Task prompt ▸
Print again, word for word, all of the records below, and leave the pictures out.

--- START ---

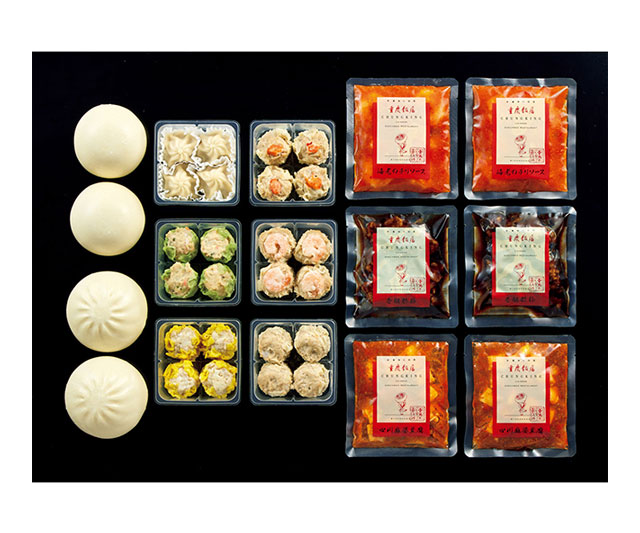 - 重慶焼売・海老焼売・いか焼売・蟹焼売・野菜焼売・小籠包×各4、海老のチリソース180g・四川麻婆豆腐180g・香醋酢豚160g・重慶肉まん・中華あんまん×各2
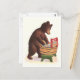 Urso de pelúcia limpa as roupas numa banheira com um punhal de roupas operadas à mão acoplado a uma ilustração antiga de um livro infantil de 1907.
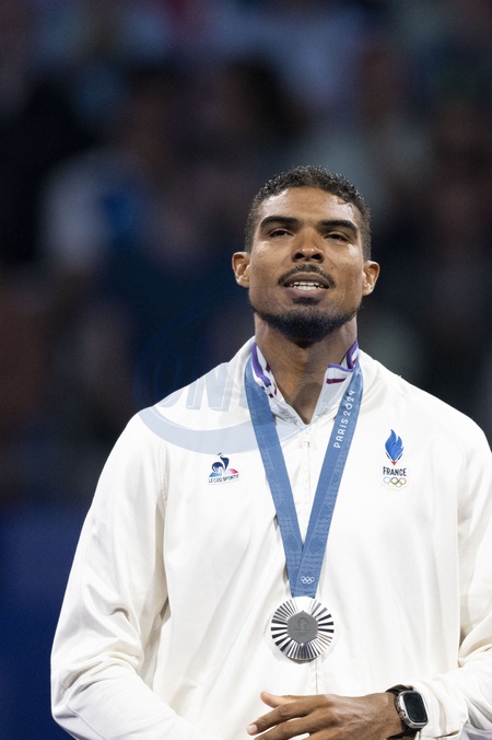 Yannick Borel - Yannick Borel remporte la médaille d'argent en epée individuelle après s'être incliné en finale contre le Japonais Koki Kano, N.3 mondial (15 touches à 9) ors des Jeux Olympiques de Paris 2024 (JO) à Paris le 28 juillet 2024. © Dominique Jacovides-Pierre Perusseau/Bestimage Yannick Borel wins the silver medal in individual epee after losing in the final against the Japanese Koki Kano, world No. 3 (15 touches to 9) at the Paris 2024 Olympic Games (OG) in Paris on July 28, 2024.
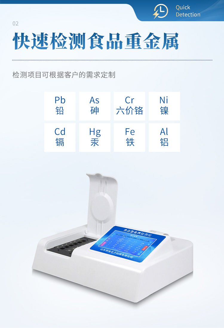 食品重金屬檢測儀可廣泛應(yīng)用于大米、糧谷、果品、蔬菜、藥材、水質(zhì)、水產(chǎn)品中重金屬鉛、鎘、六價鉻、汞、砷、鐵、鎳、鋁的快速檢測,檢測項(xiàng)目可根據(jù)客戶的需求定制。
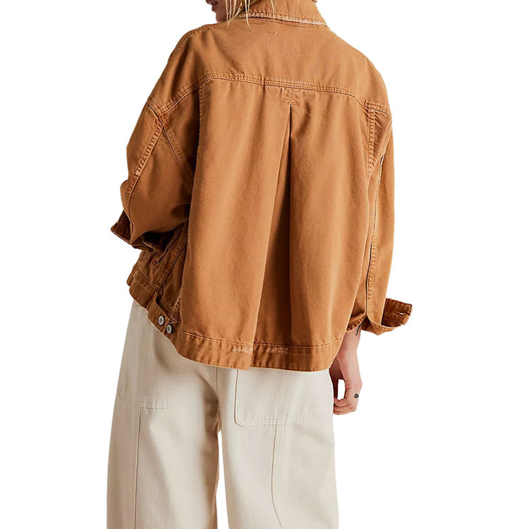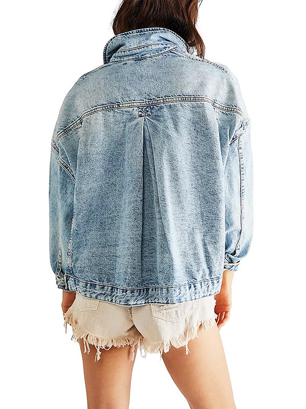 Light Wash Oversized Denim Jacket with Drop Shoulder for Women
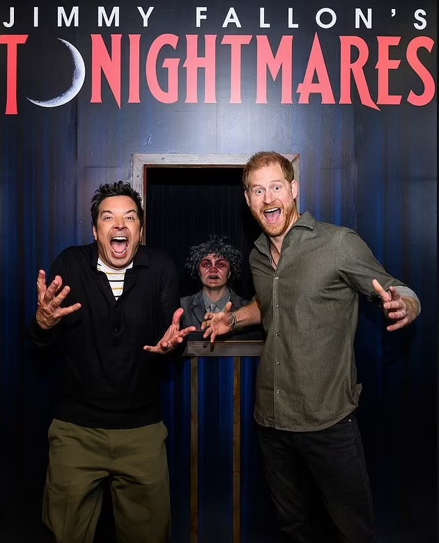 Prince Harry joins Jimmy on a trip through Tonightmares, an all-new haunted maze experience in NYC! 👻 🐼 #FallonTonight #Tonightmares pic.twitter.com/0EKGDMLiz5
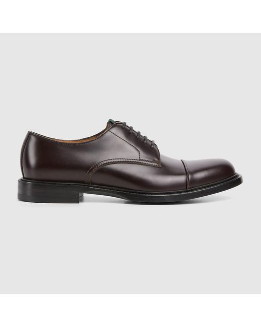 L'abbigliamento formale continua a essere rivisitato in perfetto stile Gucci stagione dopo stagione. Questa scarpa dal design minimal è realizzata in pelle marrone scuro e completata da una suola in pelle. Pelle lucida marrone scuro, Suola in pelle, Chiusura stringata, Altezza: 15 mm, Made in Italy Colore: marrone
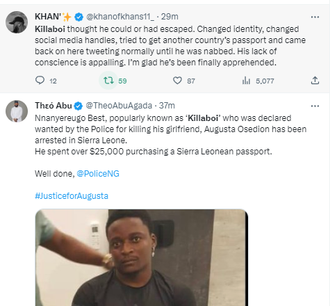 Killaboi has now been arrested in Sierra Leone where he fled to.

--- END ---

Result ▸
 - 重慶焼売・海老焼売・いか焼売・蟹焼売・野菜焼売・小籠包×各4、海老のチリソース180g・四川麻婆豆腐180g・香醋酢豚160g・重慶肉まん・中華あんまん×各2
 Urso de pelúcia limpa as roupas numa banheira com um punhal de roupas operadas à mão acoplado a uma ilustração antiga de um livro infantil de 1907.
 Yannick Borel - Yannick Borel remporte la médaille d'argent en epée individuelle après s'être incliné en finale contre le Japonais Koki Kano, N.3 mondial (15 touches à 9) ors des Jeux Olympiques de Paris 2024 (JO) à Paris le 28 juillet 2024. © Dominique Jacovides-Pierre Perusseau/Bestimage Yannick Borel wins the silver medal in individual epee after losing in the final against the Japanese Koki Kano, world No. 3 (15 touches to 9) at the Paris 2024 Olympic Games (OG) in Paris on July 28, 2024.
 食品重金屬檢測儀可廣泛應(yīng)用于大米、糧谷、果品、蔬菜、藥材、水質(zhì)、水產(chǎn)品中重金屬鉛、鎘、六價鉻、汞、砷、鐵、鎳、鋁的快速檢測,檢測項(xiàng)目可根據(jù)客戶的需求定制。
 Light Wash Oversized Denim Jacket with Drop Shoulder for Women
 Prince Harry joins Jimmy on a trip through Tonightmares, an all-new haunted maze experience in NYC! 👻 🐼 #FallonTonight #Tonightmares pic.twitter.com/0EKGDMLiz5
 L'abbigliamento formale continua a essere rivisitato in perfetto stile Gucci stagione dopo stagione. Questa scarpa dal design minimal è realizzata in pelle marrone scuro e completata da una suola in pelle. Pelle lucida marrone scuro, Suola in pelle, Chiusura stringata, Altezza: 15 mm, Made in Italy Colore: marrone
 Killaboi has now been arrested in Sierra Leone where he fled to.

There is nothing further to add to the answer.